E. S. Roach, Mauricio Delgado, Louise Anderson, Susan T. Iannaccone, Dennis K. Burns

Research output: Contribution to journalArticlepeer-review

26 Scopus citations


Anticonvulsants may reduce the self-mutilation of acquired sensory neuropathy, and one-report described sensory neuropathy in an older patient with Lesch-Nyhan syndrome. We performed nerve and muscle biopsies on four patients with Lesch-Nyhan syndrome and initiated an uncontrolled pilot trial to see if carbamazepine would reduce the self-mutilation in these patients. All of the boys had clinical features typical of Lesch-Nyhan syndrome, and the diagnosis was confirmed in each by enzyme analysis. No specific abnormalities were identified in either nerve or muscle.
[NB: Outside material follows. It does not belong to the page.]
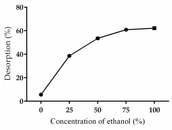 In order to investigate the effect of ethanol concentration on the desorption ability, static adsorption and desorption experiments were performed. Resin (1 g) was placed in conical flasks with 30 mL of sample solution and placed in a shaker for 24 h. The HT content in the supernatant was measured. Then, the resin was dried with filter paper after the solution was removed. A total of 30 mL of 0, 25, 50, 75 and 100% ethanol was added into the flasks and then the flasks were put in a shaker for another 24 h at 25 °C. The content of HT in the supernatant was measured.

Nevertheless, self- mutilation and the need for constant restraint diminished in all four patients, though in one the effect was only transient. Two patients had increased self-mutilation when carbamazepine was stopped, then improved a second time when treatment was restarted. Sensory neuropathy was not continued, so any effect of carbamazepine is likely to be on the central nervous system.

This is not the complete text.